With all clients who are depressed mothers of young children—regardless of whether they have either directly or indirectly raised the issue of suicidal ideation—mental health professionals should assess the bond between the mother and child(ren). This is especially important when the mother does not work and suffers from severe social anxiety. Beyond the enmeshed relationship, child victims of F-S are often “too loved” by their mother. These mothers may compensate for their filicidal thoughts by being overly concerned (even preoccupied) about the child being harmed by others, and over protective as a result (Jennings, Ross, Popper, & Elmore, 1999).

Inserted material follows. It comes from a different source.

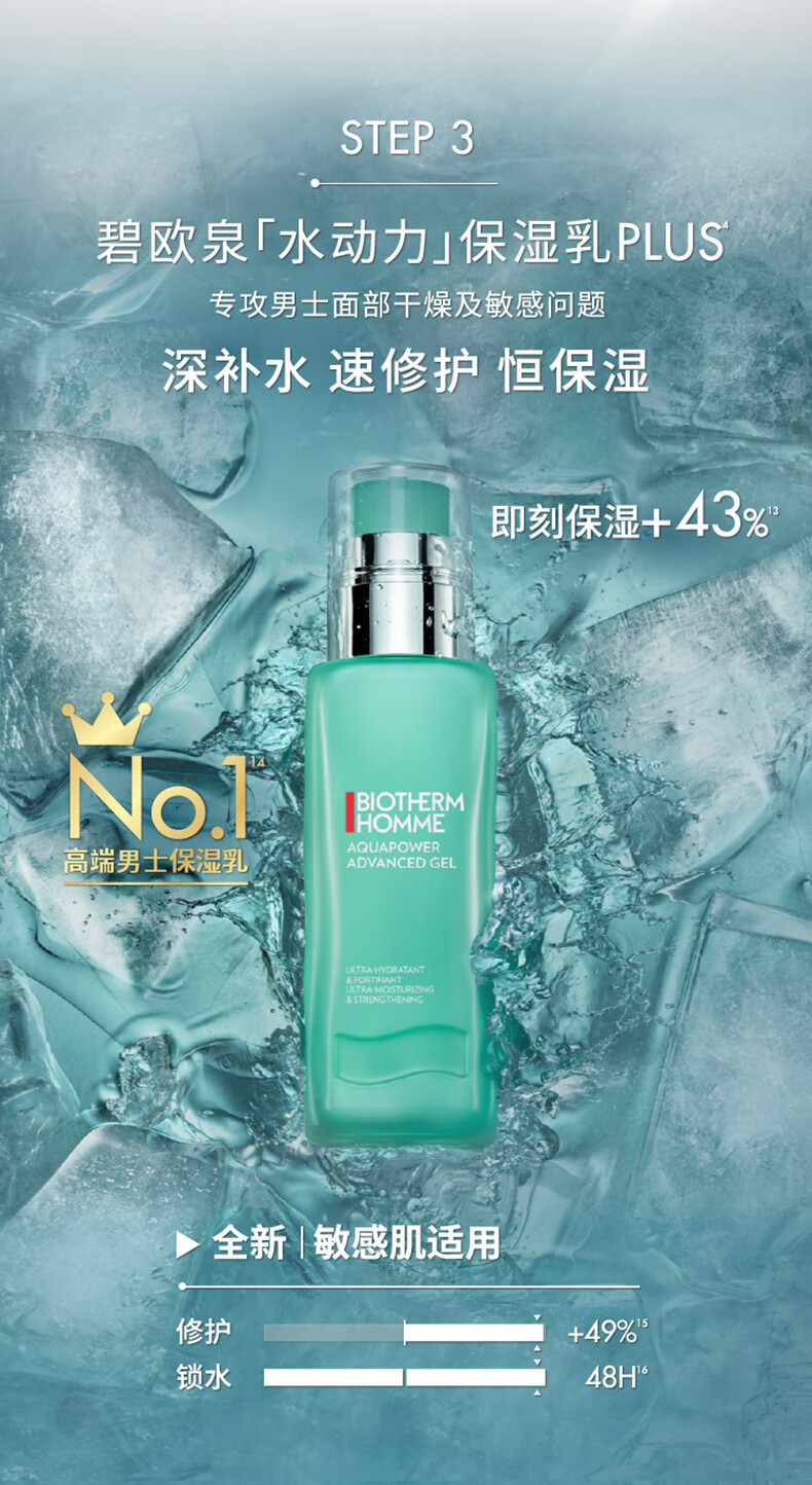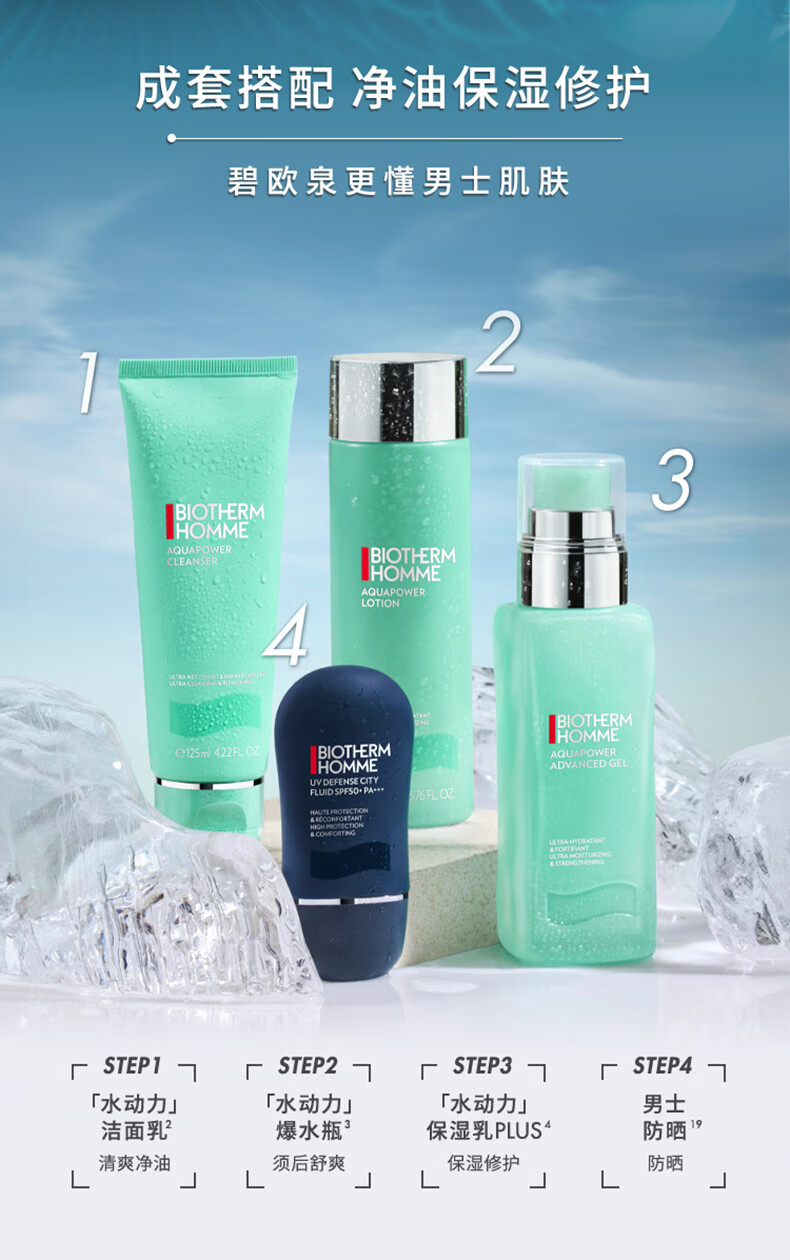 碧欧泉男士水动力洗面奶125ML+水200ML+乳75ML礼盒生日礼送男友中秋礼品

When a depressed mother (or father who is the primary caretaker) has acknowledged suicidal ideation, it may prove beneficial to ask directly what they believe will happen to their child(ren) after their death. This is not specifically to ground them to a reason for living, but to assess if filicide is part of the parent’s suicidal plan. Mothers who are focused on planning for F-S may not have an immediate or well-thought-out answer.
Similar to a suicidal patient, with F-S mothers, be certain to assess the feasibility of their plan and the extent of their preparation. Check for such things as the availability of the chosen method and whether (and why) they intend to use the same method for both the filicide and the suicide. Probe not only for when and where they intend to commit the offense, but also if they plan to include all of their children in the filicide (and in what order). Perhaps most importantly, determine if the F-S mother has a “Plan B” in case some aspect of her chosen plan fails.
Final Thoughts
In the time leading up to the incident, the F-S client may have been experiencing prolonged periods of heightened sensitivity to rejection and foreboding that they are unable to contain. Therapists may see a qualitative change in how and what the client discusses in therapy; she or he may “pull back,” minimize any problems, and/or credit the therapist with reported “progress.” Since F-S is carefully planned in advance, and 70%–100% of F-S perpetrators are in therapy during the year before the crime, there is a tremendous opportunity for mental health professionals to intervene.